Much of China’s new capabilities in the field of military excellence is exaggerated.  One only exaggerates a power one is confronting for a few reasons: to convey the impression that it is more formidable than it really is (always good for the military lobbyists to have an excuse there) and to assert one’s own primacy that is supposedly whittling away.  Given that the United States has been shown to be a cyclopean creature in its engagements after September 11, 2001, it needs new areas to blunder into to.  And what better than the outer frontiers of space, that other world that lurks in the discourse of international policy but is not as openly discussed as it should be.

On Thursday, China announced a grand space plan that would include the use of space labs, space stations and manned ships over the next five years.  Even the New York Times (Dec 29) stated that the ‘five-year plan for space exploration’ would ‘move China closer to becoming a major rival at a time when the American program is in retreat.’

China watchers are certainly concerned about China’s extra-terrestrial capabilities, though it is not easy to detect whether the analysis itself is far from being similarly terrestrial.  Eric Hagt and Mathew Durnin, writing in the latest issue of the Journal of Strategic Studies, claim that China’s earth-observing satellite capabilities have increased dramatically.  They make the claim based on assessments of China’s space network using orbital software modeling and satellite performance.  ‘China’s constellation of satellites is transitioning from the limited capability to collect strategic information, into a new area in which it will be able to support tactical operations as they happen.’

What the authors are suggesting is that the Chinese are making herculean leaps – even Chinese run of the mill satellites employ electro-optical censors that enable them to take digital images in various wavelengths of a high resolution quality.  While these might seem impressive, they do remain conjectures.  The authors’ own analysis was challenged in that same journal by David Wright, who pointed out flaws in the technical analysis being employed.  ‘Technical rigour’, was lacking.

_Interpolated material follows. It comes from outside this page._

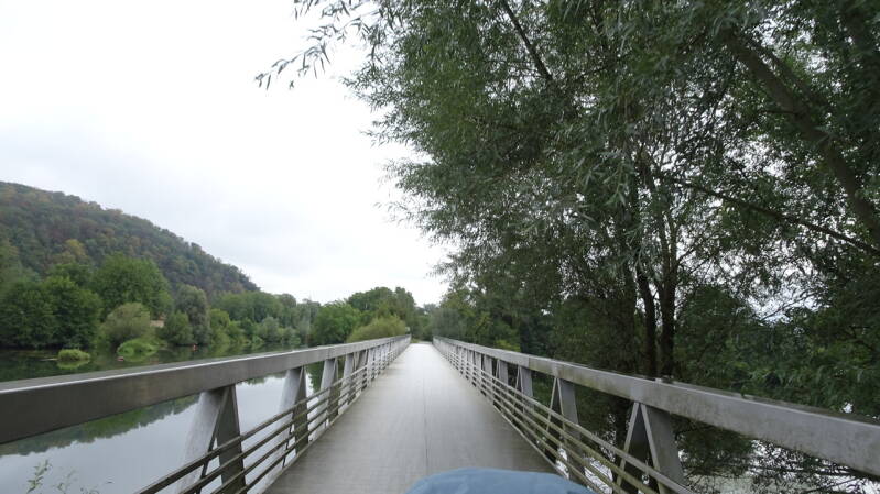 Schnell erreichten wir Montbeliard, von der Stadt sahen wir allerdings wenig, da der Eurovelo mehr oder weniger an der City vorbeiführt. Wir hatten auch, bei diesem Schmuddelwetter, keine Lust auf Sightseeing. Zumal der Wetterbericht noch ein paar ergiebige Regenfälle in Petto hatte.
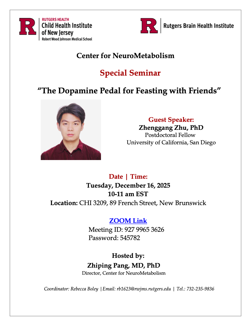 Center for NeuroMetabolism Special Seminar: Zhenggang Zhu, PhD

The disputes between the authors are interesting if for no other reason that they illustrate a vital point: that no one truly knows what capabilities are present.  Instead, analysts coat their terms with vague questions and assessments: what, to take one example, is China’s capability in locating ‘situational awareness’?

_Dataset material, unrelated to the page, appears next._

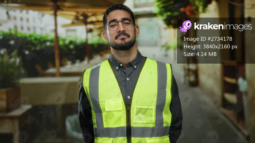 Young man in reflective vest stands confidently on outdoor restaurant terrace posing for portrait with stylish glasses and short hair under sunny umbrellas in background scene - Kraken Images
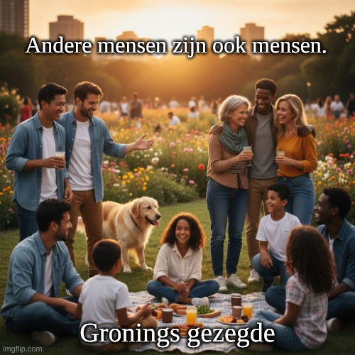 Afbeelding: Peter van Geest AI. Betekenis: De zin benadrukt de gedeelde menselijkheid van alle mensen. Het roept op tot empathie en begrip voor anderen, ongeacht verschillen. Culturele Context: Het gebruik van dialecten zoals het Gronings kan helpen om lokale identiteit en gemeenschap te versterken. Auteur:Oorsprong: Het gezegde is een algemeen bekend uitdrukking in de Groningse cultuur en is niet specifiek toegeschreven aan één enkele auteur of bron. Mogelijke Invloeden: Culturele Achtergrond: Het gezegde kan voortkomen uit volkswijsheden of regionale tradities die de waarden van empathie en respect voor anderen benadrukken. Literatuur en Poëzie: Dergelijke uitspraken worden vaak teruggevonden in lokale literatuur, maar er is geen specifieke auteur die algemeen erkend wordt voor deze uitspraak. Conclusie: Het gezegde weerspiegelt een bredere culturele en sociale boodschap die door de jaren heen is doorgegeven in de gemeenschap, zonder een specifieke auteur.

In Aviation Week (Dec 29), it was noted that Beijing has launched over 30 surveillance satellites over the last decade, enabling the PLA to ‘monitor an expanding area of the earth’s surface with increased frequency, an important element of reliable military reconnaissance.’  A spike in government funding took place after 1996, when PLA commanders found themselves unable to monitor two U.S. aircraft carrier battle groups deployed during a crisis in the Taiwan Strait.  The claim is an astonishing one in itself, given that carrier battle groups, even given the available technology in 1996, are considerable eye sores to detection.

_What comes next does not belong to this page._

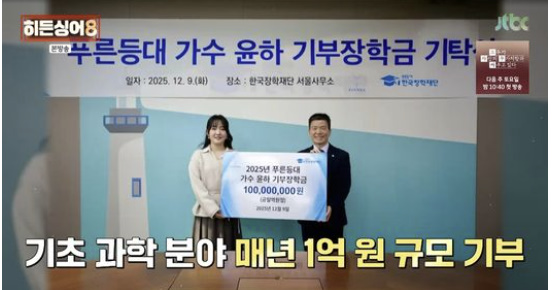 실제로 윤하는 ‘푸른등대’ 기초과학 분야 장학사업을 통해 과학 인재 지원에 나서는 등 남다른 행보를 이어왔다.
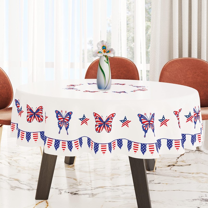 - DIMENSIONS: Patriotic tablecloth Perfect 60-inch round tablecloth size ideal for 4-6 seat dining tables, providing ample overhang for comfortable seating

Ross Babbage of the Canberra-based Kokoda Foundation ups the ante on Beijing’s capabilities, making the unverified claim that, ‘What we are seeing is China broadly acquiring the same capabilities in this area as those held by the US.’

Such analysis conforms to the codex of alarmism that characterizes strong and suspicious powers keen to maintain positions of strength that are seemingly slipping away.  It also suggests that the framework for another space race is being offered.  When the empire starts crumbling, wars and military competition seem to have a nasty way of intruding into policy.